Google's Spanner Database Offers Global ScaleSpanner, Google's latest database technology, relies on atomic clocks to ensure the consistency of distributed data.
Google began deploying Spanner in 2011 as part of an effort to rewrite F1, its internal advertising backend. A Spanner deployment, as befits Google's ambitions, is called a universe. The company has three universes: a test/playground universe, a development/production universe, and a production-only universe.
F1 was originally based on a MySQL database that handled tens of terabytes of data. Its initial structure involved a sharding scheme--a way to divide the database--that assigned customer data to a fixed shard. This allowed the use of indexes and sophisticated processing of queries, but proved difficult and costly when resharding--a resource-intensive manual process--was necessary to accommodate database growth.
Because of the complexity of resharding F1 data, Google's engineers began trying to limit the growth of the F1 MySQL database by storing data using Bigtable, a NoSQL data storage technology that the company developed in 2004 and continues to rely on. But Bigtable limited both the transactional data visibility Google needed and the ability to query across the entire data set.
[ What's new with OpenStack? Read OpenStack Poised For Cloud Leadership. ]
Google has always put a premium on the ability to operate at scale and Spanner represents a continuation of that goal.
"Spanner automatically reshards data across machines as the amount of data or the number of servers changes, and it automatically migrates data across machines (even across datacenters) to balance load and in response to failures," Google's research paper explains. "Spanner is designed to scale up to millions of machines across hundreds of datacenters and trillions of database rows."
Google fellow Jeff Dean, one of more than two dozen Google engineers credited as co-authors of the paper, described early work on Spanner back in 2009 at the third ACM SIGOPS International Workshop on Large Scale Distributed Systems and Middleware (LADIS).
Spanner provides applications with the ability to dynamically control where data resides--data stored close to the user can be delivered faster and data replicas stored near each other can be written to faster--and how many times data is replicated. The system can move data dynamically and transparently between data centers to balance resource usage. What's more, it can read and write data consistently on a global scale--something that is difficult for databases to do.
The key to Spanner is what Google calls the TrueTime API, which allows timestamps to be reliably applied to database operations around the globe. Without sufficiently accurate timestamps, network latency and clock variations can lead to synchronization errors in distributed systems.
To achieve a globally consistent time system, Google has deployed a set of atomic clocks and GPS hardware in every data center. Without redundant time references, Spanner would become unreliable, which isn't what Google wants with its revenue-generating ad system. The paper's authors argue that future distributed systems should no longer accept loosely synchronized clocks.
"This is more or less NoSQL throwing in the towel," said Jim Starkey, CTO of NuoDB, a company that makes a cloud database system with goals similar to Spanner, in a phone interview.
Google pushed MySQL to the breaking point, says Starkey, noting that the company's data was heavily sharded and didn't scale. NoSQL, in the form of Bigtable, wasn't the answer for Google's distributed ad system because it only promises eventual data consistency. When accessing data in real-time, he explained, the information might not be consistent throughout the system.

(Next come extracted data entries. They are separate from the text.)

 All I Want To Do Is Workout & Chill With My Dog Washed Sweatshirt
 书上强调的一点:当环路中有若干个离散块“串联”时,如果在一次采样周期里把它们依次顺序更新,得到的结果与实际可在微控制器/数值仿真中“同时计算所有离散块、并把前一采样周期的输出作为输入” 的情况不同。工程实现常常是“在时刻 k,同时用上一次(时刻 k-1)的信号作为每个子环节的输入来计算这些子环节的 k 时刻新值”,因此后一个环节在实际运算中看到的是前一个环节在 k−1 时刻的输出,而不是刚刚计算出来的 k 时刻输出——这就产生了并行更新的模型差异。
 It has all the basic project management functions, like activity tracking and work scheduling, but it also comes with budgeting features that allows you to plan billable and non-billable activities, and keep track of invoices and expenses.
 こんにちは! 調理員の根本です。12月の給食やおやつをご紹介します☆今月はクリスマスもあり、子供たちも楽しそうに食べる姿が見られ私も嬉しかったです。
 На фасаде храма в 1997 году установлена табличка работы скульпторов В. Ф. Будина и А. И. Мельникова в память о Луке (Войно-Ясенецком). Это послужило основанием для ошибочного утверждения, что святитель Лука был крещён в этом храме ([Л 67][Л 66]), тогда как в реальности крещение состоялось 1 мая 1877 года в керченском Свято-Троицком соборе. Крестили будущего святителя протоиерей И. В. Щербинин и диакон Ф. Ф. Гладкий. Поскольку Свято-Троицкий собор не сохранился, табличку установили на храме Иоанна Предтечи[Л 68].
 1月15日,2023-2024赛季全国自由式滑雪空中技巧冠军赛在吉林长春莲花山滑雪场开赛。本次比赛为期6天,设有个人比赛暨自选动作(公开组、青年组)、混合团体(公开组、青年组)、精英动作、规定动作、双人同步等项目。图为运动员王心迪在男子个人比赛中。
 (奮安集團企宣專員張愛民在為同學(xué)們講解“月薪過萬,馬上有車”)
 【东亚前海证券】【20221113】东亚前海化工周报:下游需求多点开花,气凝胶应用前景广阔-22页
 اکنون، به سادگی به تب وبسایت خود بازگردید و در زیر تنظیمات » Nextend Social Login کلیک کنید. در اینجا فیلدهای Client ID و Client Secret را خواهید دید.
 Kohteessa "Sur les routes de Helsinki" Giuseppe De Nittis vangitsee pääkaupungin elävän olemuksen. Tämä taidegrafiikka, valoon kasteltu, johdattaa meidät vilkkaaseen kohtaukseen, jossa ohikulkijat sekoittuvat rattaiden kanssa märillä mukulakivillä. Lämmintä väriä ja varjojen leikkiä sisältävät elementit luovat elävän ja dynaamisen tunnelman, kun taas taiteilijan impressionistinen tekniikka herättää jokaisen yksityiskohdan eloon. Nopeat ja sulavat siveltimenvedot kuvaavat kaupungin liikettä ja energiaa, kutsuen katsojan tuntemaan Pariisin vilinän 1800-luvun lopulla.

NoSQL trades guarantees of atomicity, consistency, isolation, durability--the ACID properties that ensure data reliability during database operations--for performance in distributed systems at scale.
"Trying to get ACID transactions on Bigtable is a programming nightmare and too difficult for most programmers to do," said Starkey.
This is something Google itself acknowledges in its paper: "[W]e have also consistently received complaints from users that Bigtable can be difﬁcult to use for some kinds of applications: those that have complex, evolving schemas, or those that want strong consistency in the presence of wide-area replication."
Starkey says Spanner is very interesting technology, but he's not sure whether it will be useful for other businesses that don't deal with the same distributed data challenges as Google. Even Google, he suggests, may not end up using it for its external-facing applications like Gmail or Picasa, because those apps don't have the same data access requirements as F1.
"The question is can Google really get the throughput that they need for their applications," said Starkey. "My take on it is that Spanner is quite complicated to configure, install, and manage. But it's really exciting to see another company going out there to deal with databases in a way that validates the assumptions we made."